- TASK OBJECTIVE
Although the records contain pictures, none belong in the copy: restate word for word only the lines from the one with "Suport pentru uscare" through the one with "White rain boots", both included.

- DATA IN THIS EXERCISE
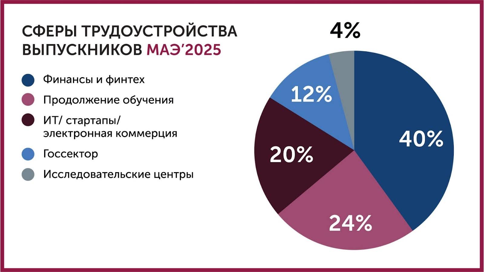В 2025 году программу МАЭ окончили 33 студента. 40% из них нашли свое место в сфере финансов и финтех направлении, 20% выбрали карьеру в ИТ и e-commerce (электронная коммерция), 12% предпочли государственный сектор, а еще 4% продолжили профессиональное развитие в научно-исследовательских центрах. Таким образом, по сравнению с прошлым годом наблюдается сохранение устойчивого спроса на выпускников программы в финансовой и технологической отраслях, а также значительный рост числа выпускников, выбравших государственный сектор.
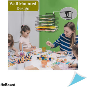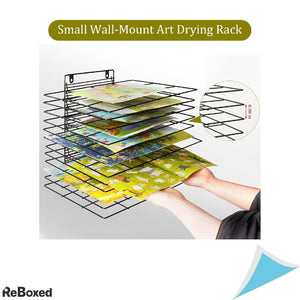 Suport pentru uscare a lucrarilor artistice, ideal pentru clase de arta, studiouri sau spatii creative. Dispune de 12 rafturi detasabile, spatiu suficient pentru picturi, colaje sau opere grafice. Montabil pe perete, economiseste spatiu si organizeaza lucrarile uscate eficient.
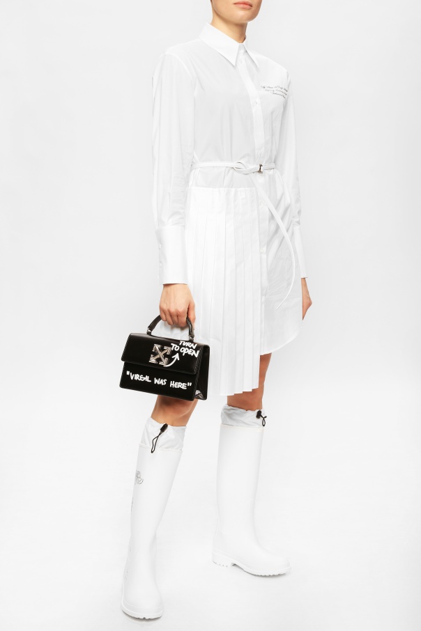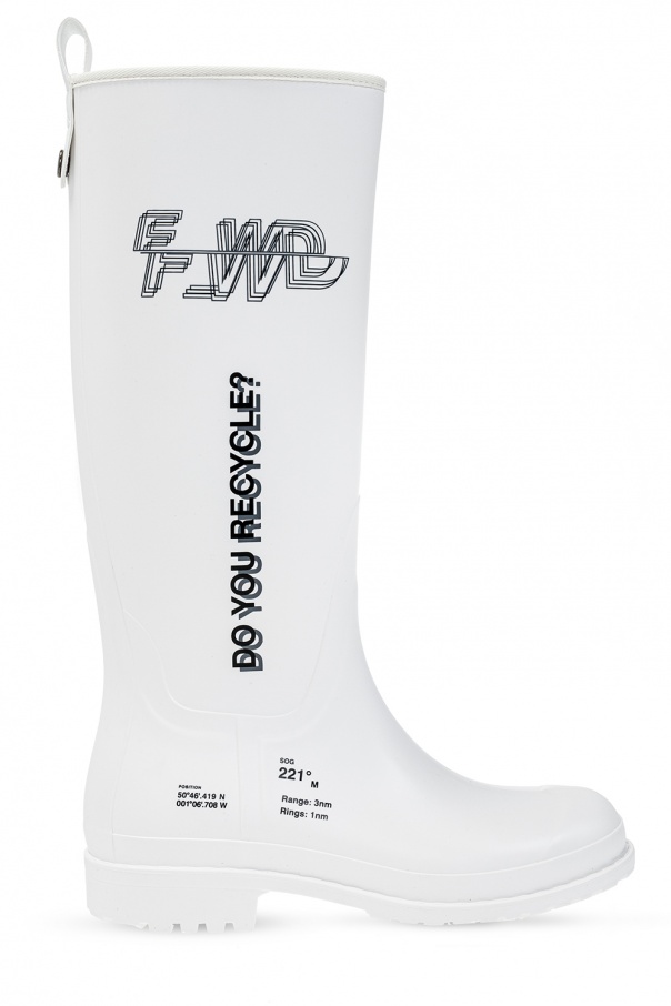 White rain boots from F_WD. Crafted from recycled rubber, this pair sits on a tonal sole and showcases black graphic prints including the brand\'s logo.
==
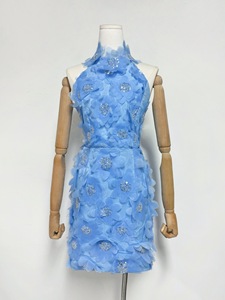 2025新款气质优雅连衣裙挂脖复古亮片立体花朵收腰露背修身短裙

- RESPONSE TO THIS TASK
 Suport pentru uscare a lucrarilor artistice, ideal pentru clase de arta, studiouri sau spatii creative. Dispune de 12 rafturi detasabile, spatiu suficient pentru picturi, colaje sau opere grafice. Montabil pe perete, economiseste spatiu si organizeaza lucrarile uscate eficient.
 White rain boots from F_WD. Crafted from recycled rubber, this pair sits on a tonal sole and showcases black graphic prints including the brand\'s logo.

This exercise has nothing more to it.